Moore also featured at number 24 in our countdown of Our Top 100 Fund Managers, where we called him one of the industry’s “rising stars.”
Although ‘megacap’ businesses often pay large dividends, they may not have attractive growth potential. Moore’s philosophy rests on the idea that long-term investors are served well by homing in on businesses that pay a reasonable dividend now, but have great scope to grow it further in the future. The fund has a higher weighting to mid-cap and smaller companies than its competitors, which gives the portfolio volatility, but Moore relies on his stock picking ability (as well as the ability of the 16-strong, highly-regarded UK equities team at Standard Life in Edinburgh) to forecast surprises in earnings ahead of market expectations.

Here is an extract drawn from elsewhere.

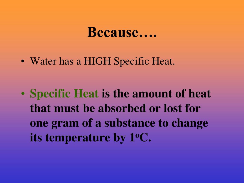 Because…. • Water has a HIGH Specific Heat. • Specific Heatis the amount of heat that must be absorbed or lost for one gram of a substance to change its temperature by 1oC.

Moore is confident about the fund’s outlook going forward. He believes that the consistency of the fund’s performance is due to Standard Life’s ‘Focus on Change’ investment process, along with his unconstrained approach. Standard Life says: “Unconstrained investing ultimately gives investment managers the freedom to express their highest conviction stock-level insights without having to consider potentially inhibiting benchmark constraints.”
Moore sees that as investors turn to defensive, large-cap dividend payers, depressing mid-caps, the current state of the UK market is providing opportunities to pick up a number of well-positioned, attractively valued companies which have potential for positive earnings and dividends. An example of a mid-cap company giving the portfolio ‘juice’ and sitting within Moore’s top 10 holdings is Britvic, the makers of Robinsons squash. Standard Life believes that Moore’s inclination towards domestic UK firms “continues to reap the benefits from a recovering economy with robust consumer spending and a strong labour market.”
Moore’s portfolio is likely to have a lower yield than its peers, because of his inclination to invest in companies offering more attractive capital growth. However, the fund can sit well alongside some of the prominent defensively-positioned funds in the sector, which may invest more in larger companies. And, for the investor with a longer timeframe, we feel the total return prospects (combined with a more interesting growth potential) make it a holding you can consider for your ISA or your SIPP.